RepDistiller
RepDistiller copied to clipboard
what is the difference between the position of putting "with torch.no_grad()"
Hi, Thank you for your contribution,the code is very useful for me,but I want to ask you a question about this code:
with torch.no_grad():
l_pos = torch.index_select(self.memory_v1, 0, y.view(-1))
l_pos.mul_(momentum)
l_pos.add_(torch.mul(v1, 1 - momentum))
l_norm = l_pos.pow(2).sum(1, keepdim=True).pow(0.5)
updated_v1 = l_pos.div(l_norm)
self.memory_v1.index_copy_(0, y, updated_v1)
ab_pos = torch.index_select(self.memory_v2, 0, y.view(-1))
ab_pos.mul_(momentum)
ab_pos.add_(torch.mul(v2, 1 - momentum))
ab_norm = ab_pos.pow(2).sum(1, keepdim=True).pow(0.5)
updated_v2 = ab_pos.div(ab_norm)
self.memory_v2.index_copy_(0, y, updated_v2)
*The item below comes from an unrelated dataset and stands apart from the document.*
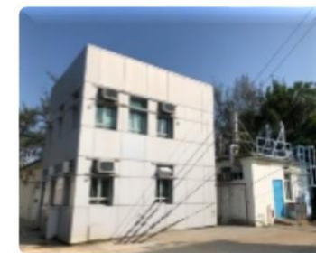
九龍何文田 京士柏氣象站 King's Park Meteorological Station Ho Man Tin, Kowloon

In your Implemention of the paper,you calc the loss element first and then update the memory,
if I update the memory first, and then calc the loss element, what is the difference between these two methods,
Looking forward to your reply!Thank you!
I think generally it's fine, except that you might sample the same feature as your anchor, either as positive or negative.